Task details — Please set down the data again exactly, minus the pictures.

Data segment —
◆ ◆ ◆

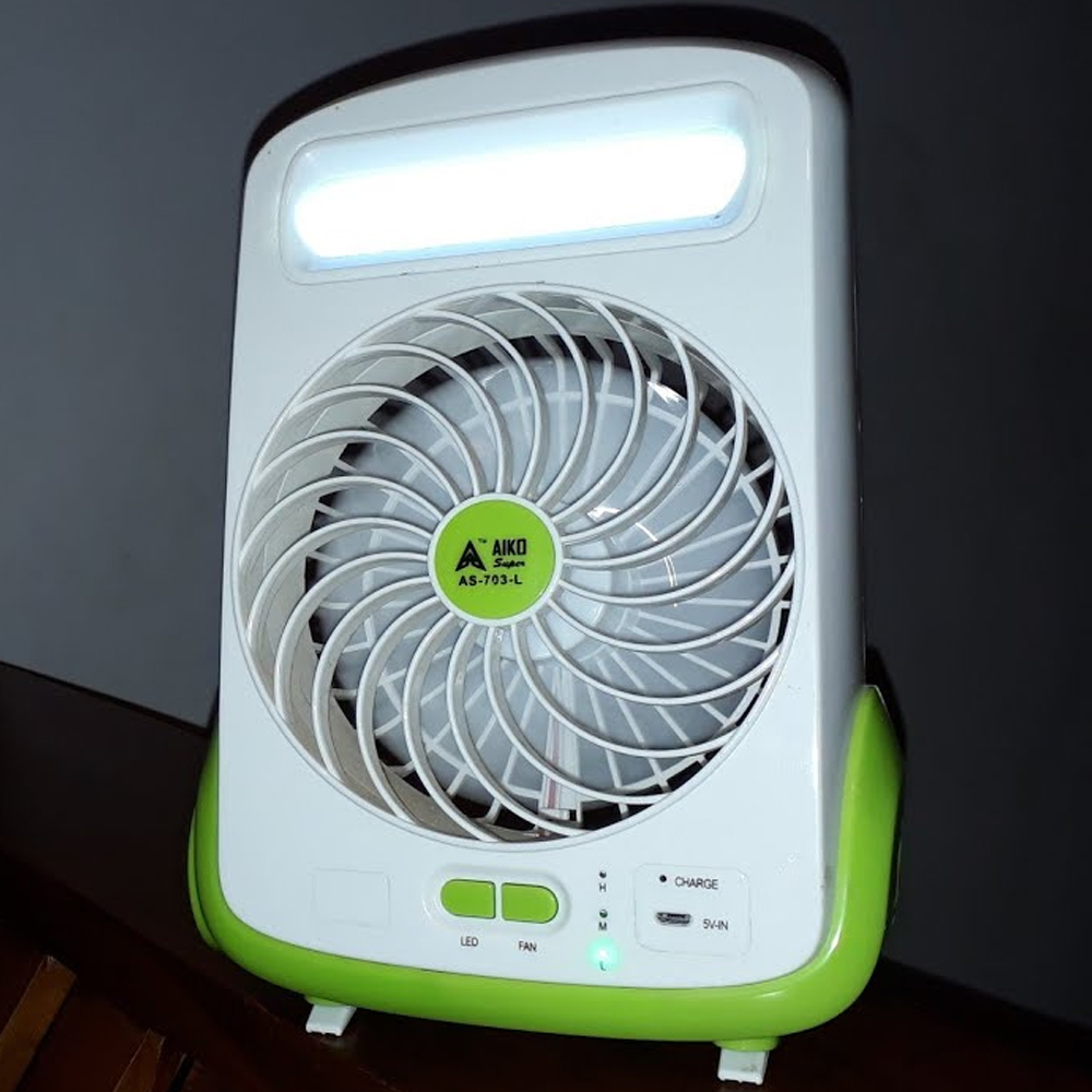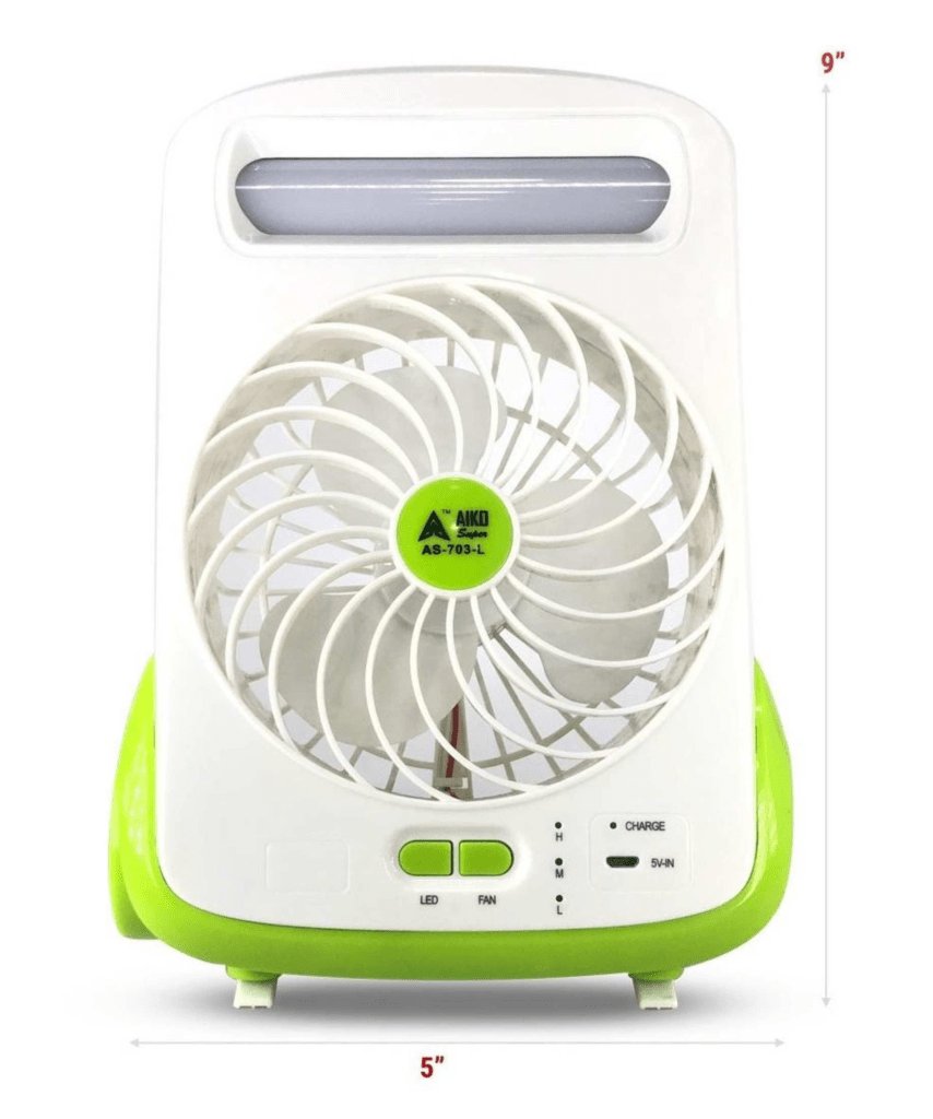Rechargeable Mini Desk Fan Fan size: 9 x 5 inches Built In LED Light & Torch Light Duration: Up to 4 hours Torch Duration: Up to 9 hours Fan Duration: Up to 4.5 hours.
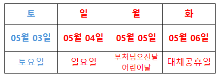 3) 부처님 오신 날, 어린이날 : 5월 3일(토) ~ 5월 6일(화)
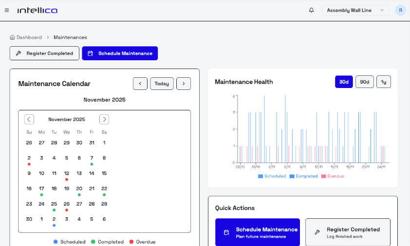 Gestiona el mantenimiento según el estado real del equipo, con modelos de predicción de fallos y un calendario central.
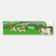 Ilustracion de tres marrones y vacas blancas que pastan en un campo verde con vistas a prados y a campo en la distancia. Imagen disponible en los diversos regalos y productos.

◆ ◆ ◆

Task answer —
Rechargeable Mini Desk Fan Fan size: 9 x 5 inches Built In LED Light & Torch Light Duration: Up to 4 hours Torch Duration: Up to 9 hours Fan Duration: Up to 4.5 hours.
 3) 부처님 오신 날, 어린이날 : 5월 3일(토) ~ 5월 6일(화)
 Gestiona el mantenimiento según el estado real del equipo, con modelos de predicción de fallos y un calendario central.
 Ilustracion de tres marrones y vacas blancas que pastan en un campo verde con vistas a prados y a campo en la distancia. Imagen disponible en los diversos regalos y productos.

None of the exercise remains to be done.